The Improved CBAM Channel Attention module (CBAM-ICA) performs global average pooling and global maximum pooling on an input feature map, generates two different Channel Attention feature maps through two 1 × 1 convolutional layers and a Sigmoid activation function, multiplies the two Channel Attention feature maps to form a final Attention weight, and multiplies the final Attention weight with an input feature map F pixel by pixel to obtain a final output feature F'. The specific process can be represented by formula 1:

F'＝(ε(C(P_ag(F)))×ε(C(P_mx(F))))⊙F (1)

wherein F represents an input feature map, P_agRepresenting global average pooling, P_mxIndicating global maximum pooling, C representing two 1 x 1 convolutional layers, epsilon indicating Sigmoid activation function, and F' indicating output characteristics after passing through the modified CBAM channel attention module.
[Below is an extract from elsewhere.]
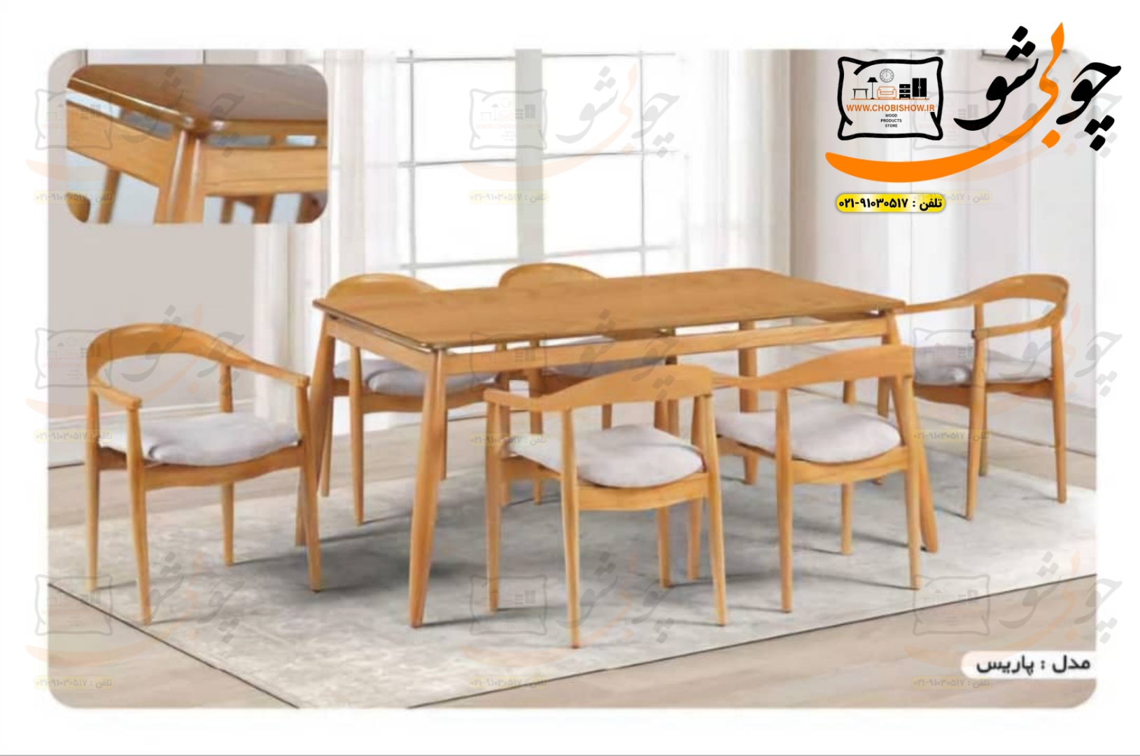 با میز و صندلی ناهار خوری مدل پاریس، شیکترین لحظات را تجربه کنید! طراحی مدرن و راحت این ست، محیط خانه شما را به یک فضای لوکس و دلنشین تبدیل میکند. با کیفیت بالا و دوام عالی، این مجموعه انتخاب بینظیری برای هر خانهای است. شما عزیزان میتوانید به راحتی از طریق همین صفحه این میز و صندلی ناهار خوری زیبا را با رنگ پارچه دلخواه ثبت سفارش کنید تا گروه تولید چوبی شو فقط در مدت زمان ۱۵ روز کاری این میز و صندلی زیبا را با رنگ درخواستی شما تولید و به دست شما عزیزان در هر نقطه از کشور برساند. شما عزیزان برای سوالات و مشاوره میتوانید با پشتیبانی ۲۴ ساعته گروه تولید چوبیشو به شماره ۰۲۱۹۱۰۳۰۵۱۷ داخلی (۱۰۰) تماس حاصل فرمایید. بدیهیست همکاران ما به تمام سوالات شما در مورد میز و صندلی ناهارخوری پاریس پاسخی کامل خواهند داد. شماره واتساپ ۰۹۱۲۴۱۳۴۵۹۰ . همین حالا خرید کنید و دکوراسیون خود را به سطح جدیدی ببرید! ۰۱۰

3-2 building a multimodal feature prediction network

The multi-modal feature prediction network comprises a first multi-modal feature module and a second multi-modal feature module;

the first multi-modal feature module takes CT features extracted by a CT feature extraction network and preprocessed lung influence factors as input, takes the linear change rate of the FVC as output, and comprises a Concatenate feature fusion layer A and a full connection layer which are sequentially cascaded; the concatemate feature fusion layer A is used for carrying out concatemate fusion on CT features extracted by a CT feature extraction network and preprocessed clinical features (age, gender and smoking condition) to obtain first multi-modal features; the full-link layer is used for predicting the FVC linear change rate. The loss function used for predicting the linear change rate of the FVC is an average Absolute error MAE (mean Absolute error), which is the sum of Absolute values of the difference between a target value and a predicted value, and represents the average error amplitude of the predicted value, so that the method has better robustness. In order to relieve the appearance of an overfitting phenomenon in the network training process and enable the network to have good generalization, a dropout layer is added before a full connection layer.

The second multi-modal feature module takes the FVC linear change rate and all clinical features output by the first multi-modal feature module as input, and takes the FVC predicted values in different weeks in the future as output, and comprises an attention module and a multi-layer perceptron (MLP) which are sequentially cascaded.

The attention module calculation process is represented by equation 2:

in the formula, F_xRepresents the linear rate of change of the FVC and all clinical features output by the first multimodal feature model, M represents two fully connected layers, ε represents the Sigmoid activation function, F_wxRepresenting the output characteristics after passing through the attention module. Multimodal features F_xThrough two full-connection layers, calculating by a Sigmoid activation function to obtain an attention weight, and finally, calculating the attention weight and an input feature F_xMultiplying and adding to obtain the final output characteristic F_wx。

The multilayer perceptron comprises a first full-connection layer, an ELU activation function layer, a second full-connection layer, a GELU activation function layer and a third full-connection layer which are sequentially cascaded, the output characteristic diagram of the attention module is used as input, and the FVC value is used as output.

And (4) utilizing the trained lung function progress prediction model to realize the prediction of the lung function progress.

It is another object of the present invention to provide a lung function deterioration predicting apparatus based on multi-modal data, comprising:

the lung data acquisition module is used for acquiring lung CT images and corresponding lung influence factors, wherein the lung influence factors comprise age, gender and smoking conditions;

the lung data preprocessing module is used for preprocessing the lung CT image and the lung influence factors;

and the lung function progress prediction module is used for processing the preprocessed lung CT images and the lung influence factors by utilizing the trained lung function progress prediction model so as to obtain the FVC prediction values in different weeks in the future.

The invention has the beneficial effects that:

(1) high accuracy of lung function prediction

The lung function progress prediction model constructed by the method improves the extraction capability of CT characteristics through the CT characteristic extraction network, and predicts the lung function progress by multi-modal data through the multi-modal characteristic prediction network, thereby effectively improving the accuracy of model prediction.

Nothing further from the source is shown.